■ **Exercise goal**:
Everything from the line containing "사서는 도서관에 새 책을" through the last line of the data below is to be retyped exactly, apart from the pictures.

■ **Supplied material**:
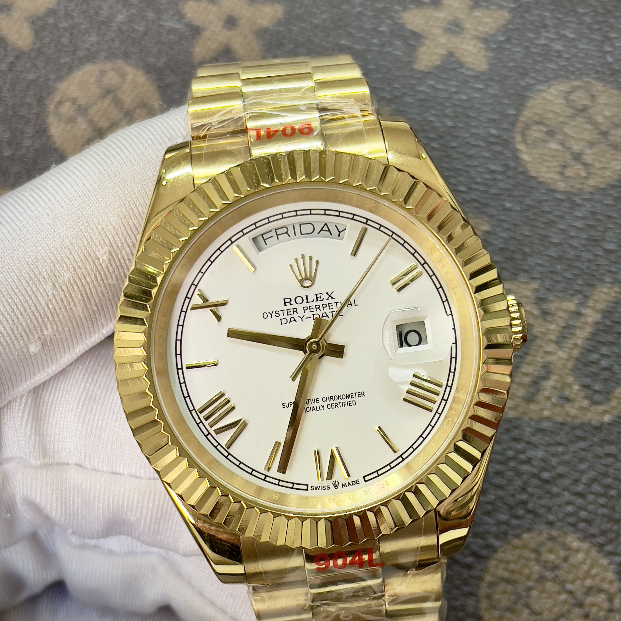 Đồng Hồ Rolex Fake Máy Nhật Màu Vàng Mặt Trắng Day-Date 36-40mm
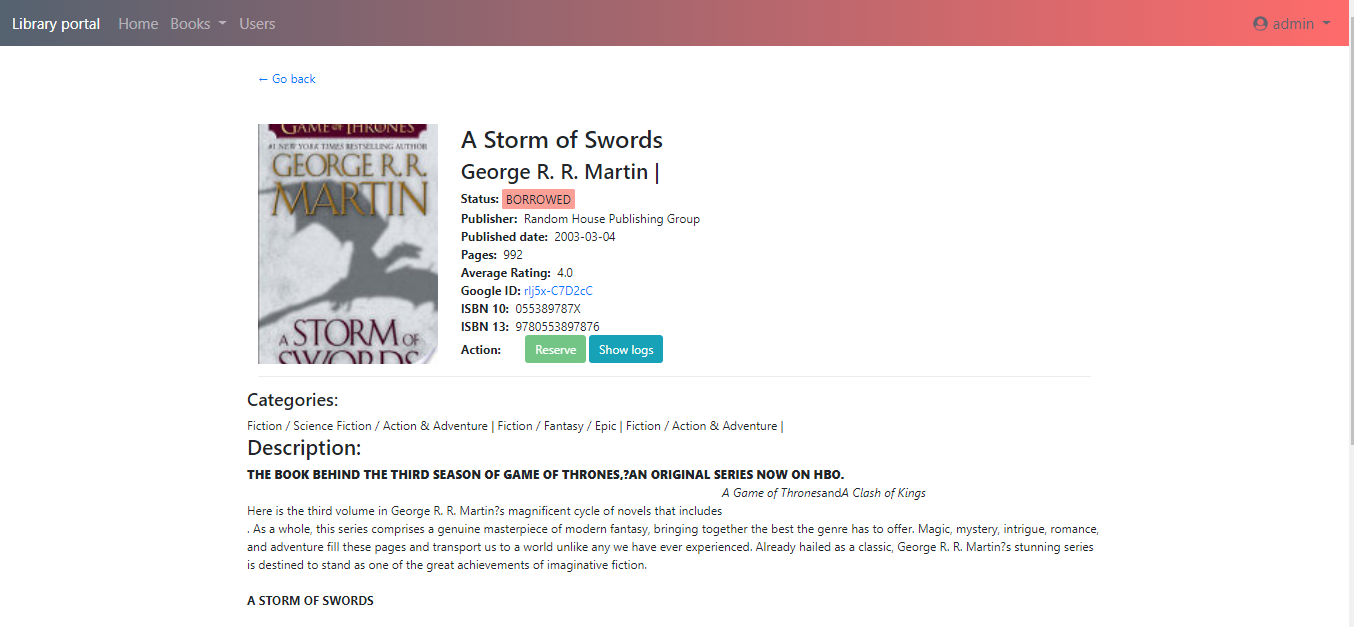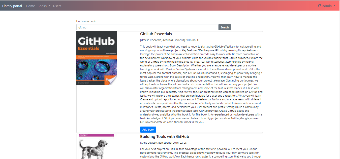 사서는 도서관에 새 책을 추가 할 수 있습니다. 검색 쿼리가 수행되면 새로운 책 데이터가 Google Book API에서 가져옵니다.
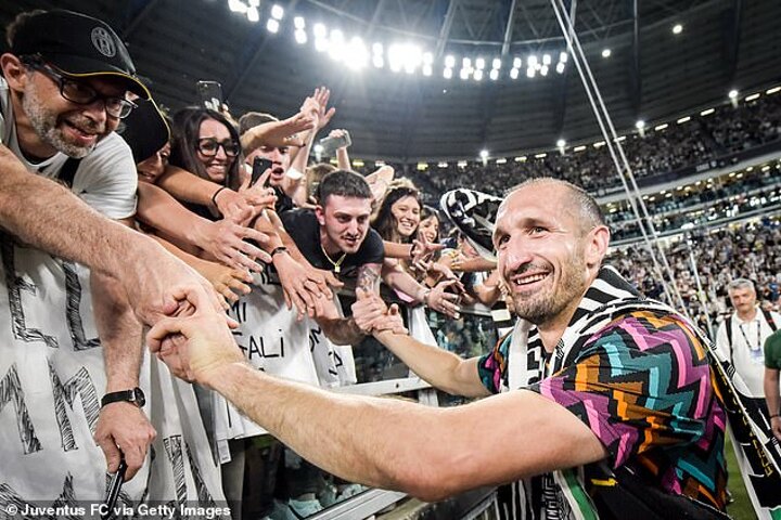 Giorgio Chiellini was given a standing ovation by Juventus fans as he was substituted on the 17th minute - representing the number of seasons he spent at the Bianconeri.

■ **Your solution**:
 사서는 도서관에 새 책을 추가 할 수 있습니다. 검색 쿼리가 수행되면 새로운 책 데이터가 Google Book API에서 가져옵니다.
 Giorgio Chiellini was given a standing ovation by Juventus fans as he was substituted on the 17th minute - representing the number of seasons he spent at the Bianconeri.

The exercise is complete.